The picture was of a young woman, at most a year or two older than I was now. She stood under the dappled shade of the yellow bell tree in the boarding-house yard. The picture had been taken at an angle, as if the photographer had knelt before her, so that about her face was a halo of blooms just starting to turn with, here and there, small seed pods already forming. She wasn’t dressed up for the occasion of the photograph yet her attitude seemed formal, an obeisance to the camera. She held her arms stiffly, without grace or purpose, by her sides. She was pretty with an open brown face and long black hair that had been swept to one side to lie flat against her shoulder like a curtain. She wasn’t smiling and looked, if not exactly unwilling, at least uncertain, unable to refuse. She didn’t look like a Morelos or a Lopez; her eyes lacked the self-assurance of the other portraits. Rather, she looked like any other pretty village girl with clothes slightly too big for her, her likeness snatched without ceremony. There was only the one photograph of her and I knew exactly which volume it was hidden in. I went straight to it now. I remembered details like that easily; it was me who Aunt Mary asked to fetch things she couldn’t find.
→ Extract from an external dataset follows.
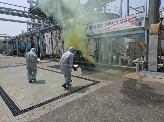 이번 훈련은 ㈜SH에너지화학의 소방차 지원과, 내일기업(주) 혁신제품인 흡착포를 활용한 기업 간 상호지원 협업으로 이뤄졌으며, 원인 미상의 물질을 검지하여 사고 발생 시 신속한 대응을 할 수 있게 진행됐다.
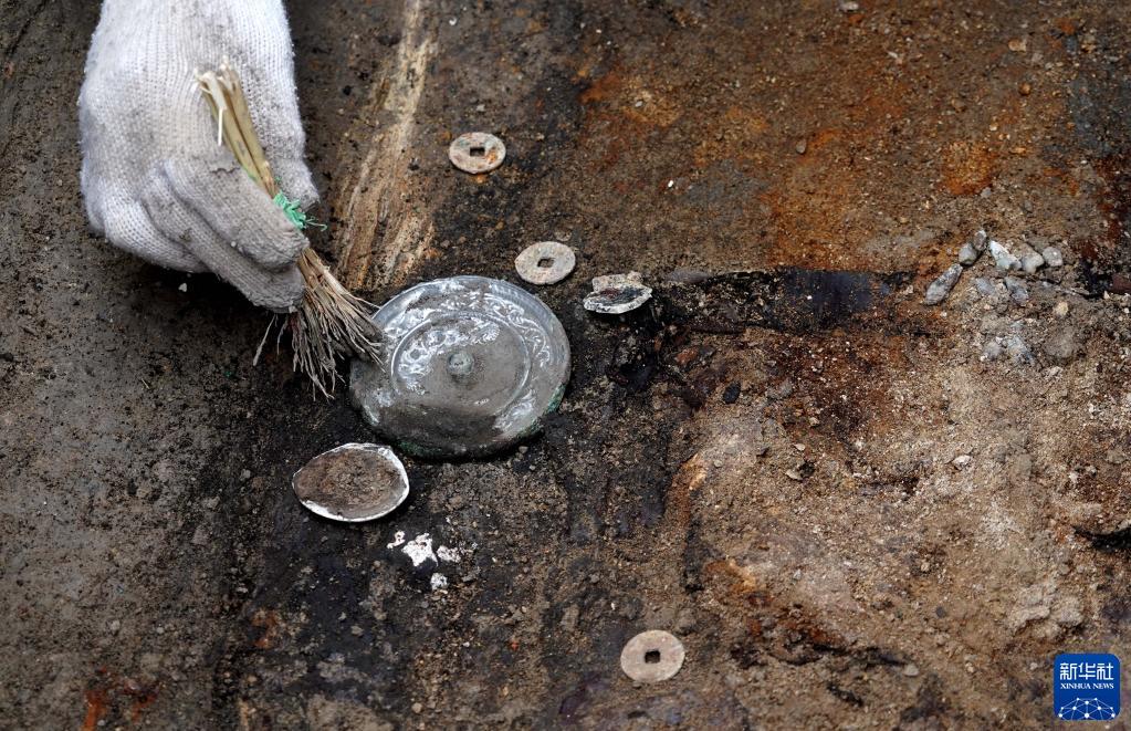工作人員在宋國故城遺址內的唐代墓葬進(jìn)行清理作業(yè)(3月25日攝)。新華社記者 李安 攝

I was inspecting the girl’s picture when the sound of a key in the front door cracked the soft, still ochre of the room and, startled, I made to push it under a seat cushion. America walked into the sala. She took in the albums stacked on the piano, the one open on my lap, my hand sliding out of the upholstery. ‘Haven’t I enough to do without you making more of a mess?’ she said sulkily. She dropped the bag she had been carrying, pointed to it on the floor. I picked it up and carried it through to the kitchen. The bag smelled of fish. I unwrapped the grouper and baby squid and slipped them into bowls, covering them over with water. I left the bowls on the counter next to the sink. I was drying my hands when America burst through the kitchen door. ‘Have you any business at all looking at these, Mister?’ she said with unexpected ferocity. Her voice made me jump. ‘Where did you find it?’ She thrust a photograph at me, jerking it away again as I reached for it. The girl under the yellow bell tree. ‘The boys see it?’ I shook my head. ‘Tell the truth now!’ she shouted.

‘They haven’t been home all morning.’ My voice sounded wheedling. America glared at me. She stalked over to the Frigidaire and placed the photograph on top of it, pushing it as far back as she could. She had to stand on her tiptoes to do it. I looked away before she turned round again. She moved over to the counter and tossed the baby squid roughly into the sink. She turned the tap on full. Water spattered her blouse. I lurched forward and turned the tap down, retreating again quickly. America grabbed a knife. One by one she stabbed each squid between the eyes and squeezed out the ink, plunging them into the water to rinse them before dropping them back into the bowl. When she was done she moved away. I slid a plate over the top of the squid to cover them.

‘Who is she?’ I ventured.

‘I’ll tell her I caught you snooping,’ America said tautly without looking up. I didn’t repeat my question. America carried on working in silence, clattering dishes once or twice when I glanced over at the Frigidaire. Pretty soon I stopped looking, though I remained conscious of its white bulk as I moved round the kitchen during the afternoon.